The way of work has changed. There’s no way to get around that. Many organizations have moved entirely to remote or hybrid workforces, which has led to a bit of a conundrum regarding what exactly to do with office spaces. People are coming back into the office for a range of reasons, whether it’s to access materials, utilize resources, or simply use the space itself. And while you, as a leader, always have the option to leave the space “as-is,” you might find that it’s no longer conducive to working — at least not productively or efficiently. It could also impede the engagement and interactions of hybrid employees.
In an effort to make the workplace a productive and welcoming place for all employees, a few changes might be in order. Before renovating and repurposing the space, keep these tips in mind:
1. Create spaces for privacy and concentrated work.
Hybrid work has led leadership teams to question the purpose of the office, with many companies rethinking their spaces almost entirely. It isn’t uncommon to find the modern office as a destination for nothing more than meetings, collaboration, and networking. The only problem with this is that hybrid employees still need a place for concentrated work when they come into the office.
Redoing the space is always an option, but that can be costly and time-intensive — two factors that have ushered in a new era for the “work pod,” which offers a quiet and private place away from distractions and noise. SnapCab is one manufacturer that has developed pods with adjustable lighting, temperature controls, and soundproofing that can also be fitted with technology like video conferencing, monitors, and more.

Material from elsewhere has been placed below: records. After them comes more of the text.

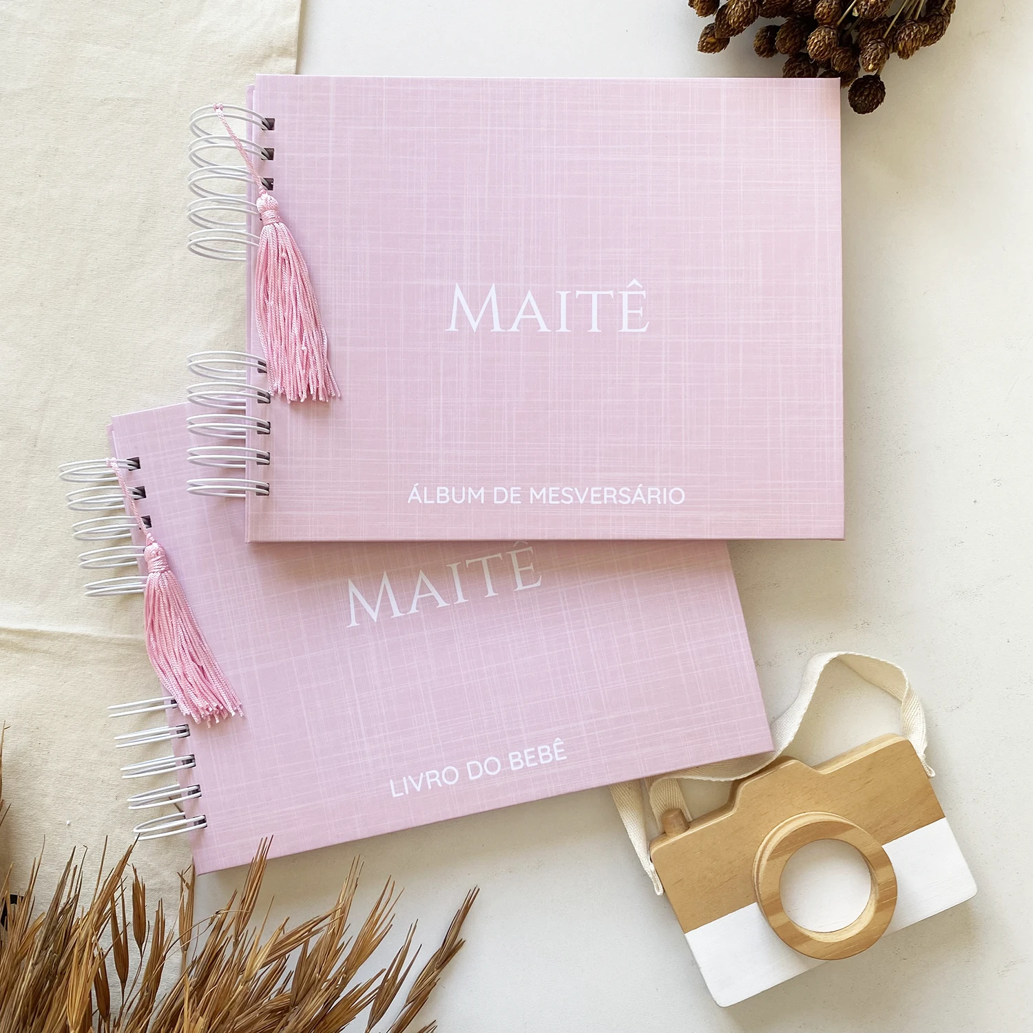 Kit Livro e Álbum Minimalista Linho Rosa 2
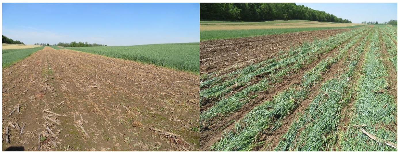 Figure 2. Early vs. late-terminated rye strips at the Brantford 2018 site before (left) and after (right) planting. May 25, 2018.
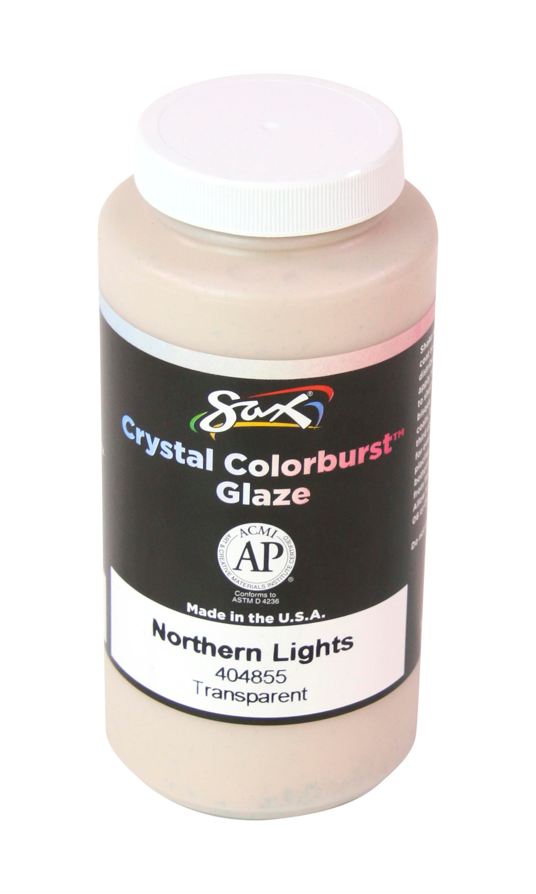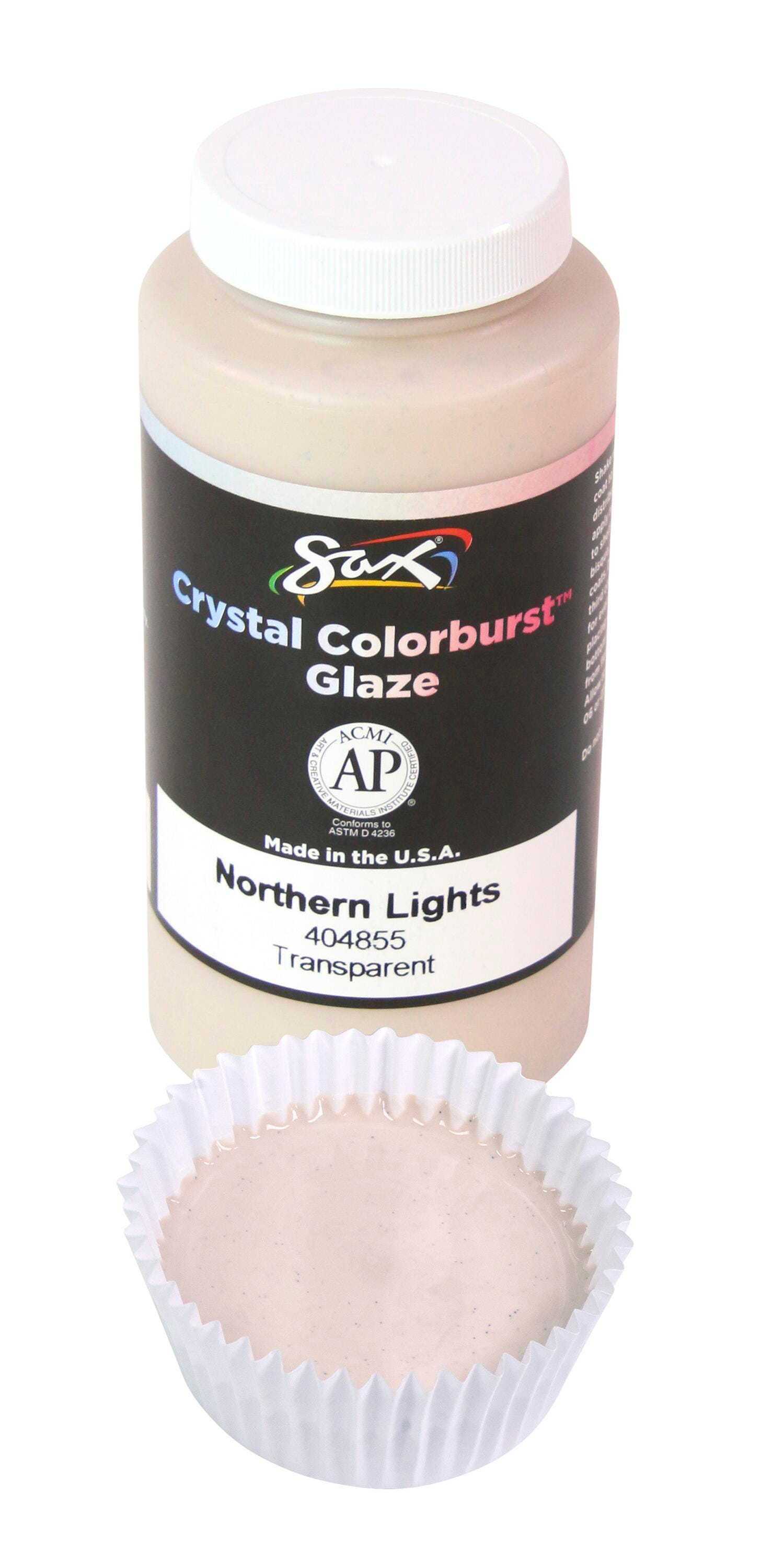 Sax Crystal Magic Glaze in transparent Northern Light features tiny crystals mixed with a speckled base which melt and move during firing, allowing colors to bloom for beautiful, one-of-a-kind designs. Every application and firing will produce different results for unique pottery and ceramic projects. The painting glaze may appear a different color during application and change to the desired look after the required firing in a kiln. Our ceramic glaze paint creates multi-colored patterns when fired. The base glaze fades and crystals will fade and cascade when fired at cone 6.Features
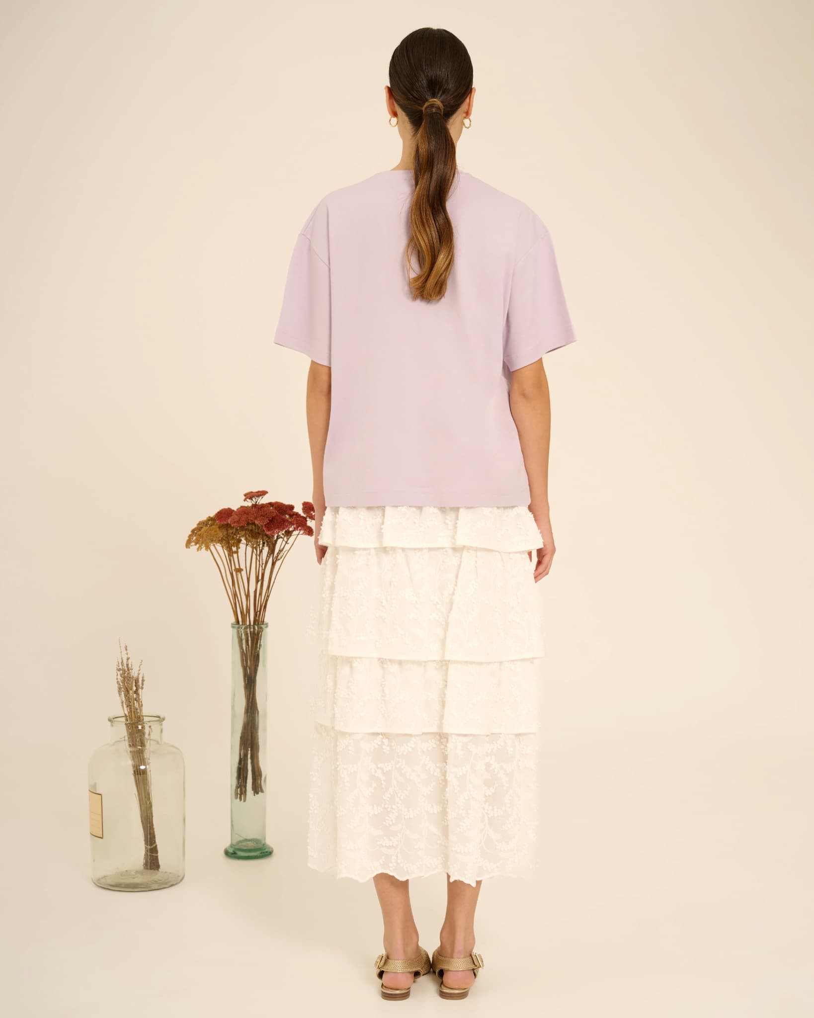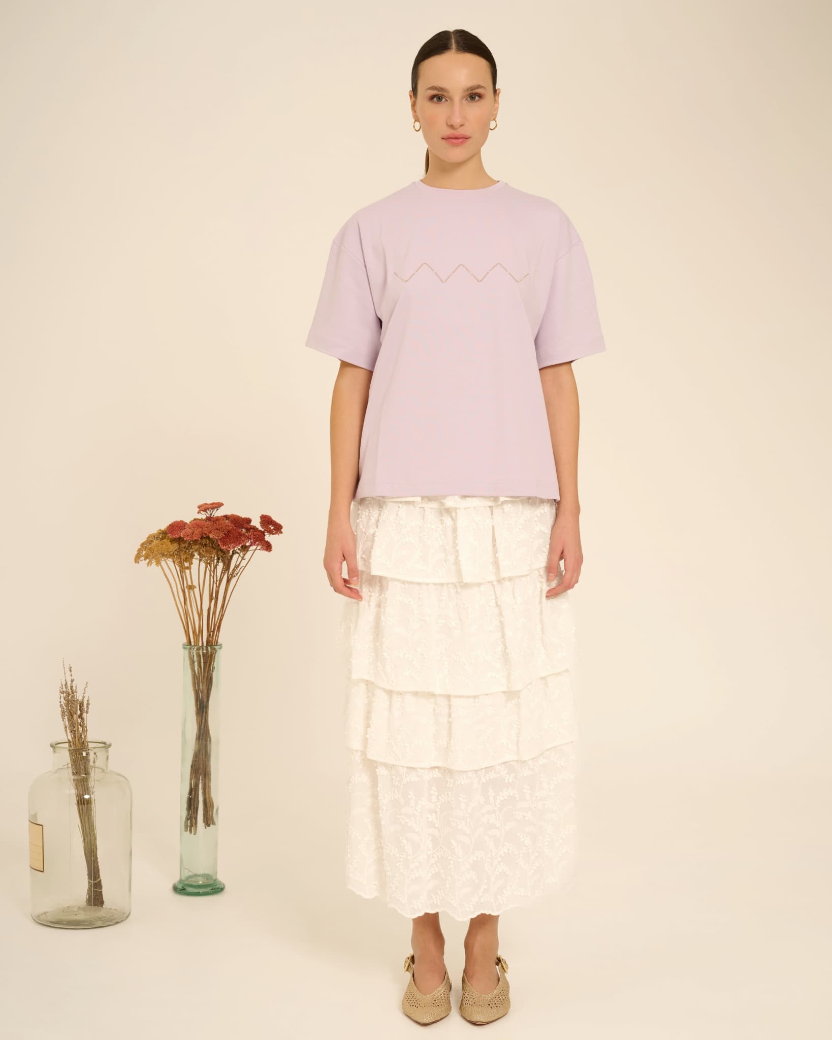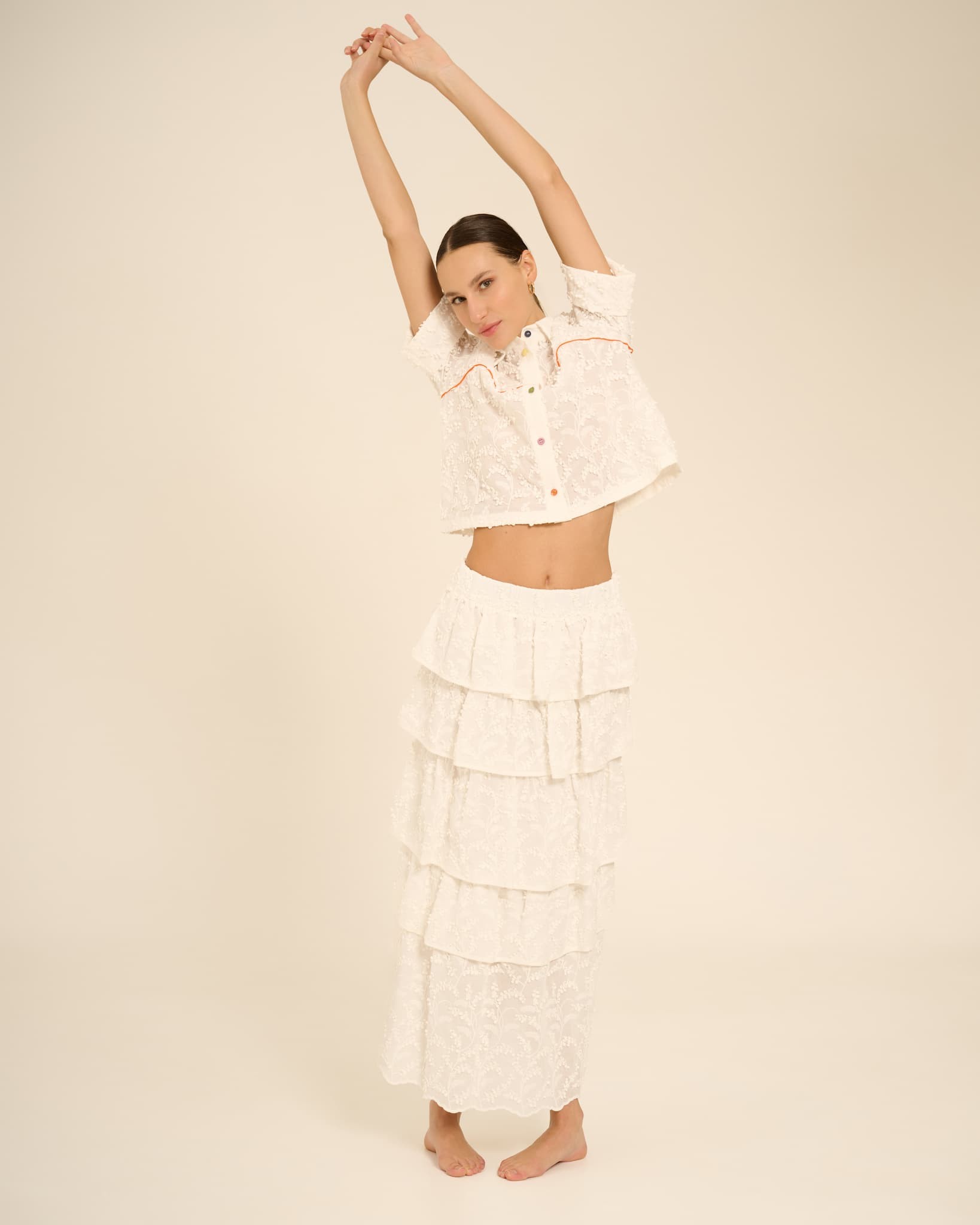 Domiziana fully embodies the essence of the cosmopolitan gypsy. It's a gathered skirt with an elastic waistband, perfect for all your casual occasions, for your travels around the world, for evenings with friends at the beach or in the city. Wear it with sandals and a t-shirt and you'll be lively and comfortable all day long, or with a bon-ton blouse for a more refined look.

“By providing tailored work pods, leaders can create a welcoming and personalized workspace for hybrid employees, helping them feel more at home in the office,” says Carla Bostock, product aesthetics and customer experience manager at SnapCab. “This can lead to increased employee satisfaction, retention, and productivity, ultimately benefiting the organization as a whole.”
The ultimate goal is to offer a personalized workspace for hybrid employees so they don’t feel the need to leave the office just to get their work done.
2. Provide room for collaboration.
Redefining the purpose of an office, especially one that employs hybrid workers, doesn’t mean collaborative areas should take a backseat. They will be just as important as private spaces used in between brainstorming sessions. You’ll want to provide an assortment of work settings for the team, and one of those settings should support collaboration — both for small and large groups.
PUMA’s North American headquarters were designed with that idea in mind, positioning “collaborative hubs” throughout the building. Some have been set up for product testing, while others are better suited for cross-functional team ideation. There are also hubs for design. The decision has reportedly paid off, accelerating the company’s digital-first approach to collaboration.
3. Institute hot desking.
Hot desking is akin to sharing desk space — that, or reserving a table at your favorite restaurant. Instead of splitting the use of a desk with another employee, it’s with all colleagues. Team members secure a spot through either a booking system or a first-come, first-serve basis, and that spot could be a desk, privacy pod, or some other workstation.
What this does is allow you to reduce the number of desks within your office. Reducing the number of desks obviously increases the amount of square footage available to use for other purposes (i.e., collaborative hubs, social spaces, etc.). It also has a way of freeing employees from feeling tethered to their desks. The only drawback is the potential of not being guaranteed a space, which is why the booking system is often the better option.
4. Embrace flexibility with meeting spaces.
With the widespread prevalence of hybrid work, a flexible, adaptable workspace is essential — meeting rooms included. It’s all about creating spaces that can change to suit a specific need. Modular furniture, according to Bostock, can easily be reconfigured to accommodate whatever use case might come. Technology components should also be a large part of the design, allowing for videoconferences, virtual meetings, and even digital interviews.
Again, the design should reflect that of the organization. Perhaps the meeting space also serves as a collaborative hub. Then, if you were to integrate a booking system for reserving workstations, there’d be no question whether employees would have a space for important meetings.
Ultimately, you want to give employees a choice — and multiple ones at that. You’re already providing people with the flexibility they seek in a hybrid work arrangement, so it only stands to reason why the workspace should follow suit. People are coming back with new habits and behaviors, which could mean the traditional office setup no longer works. Flexibility and adaptability will be the two words that best define the workplace of the future. The only decision you have left to make is whether your business will be a space where collaboration, innovation, and creativity can take place.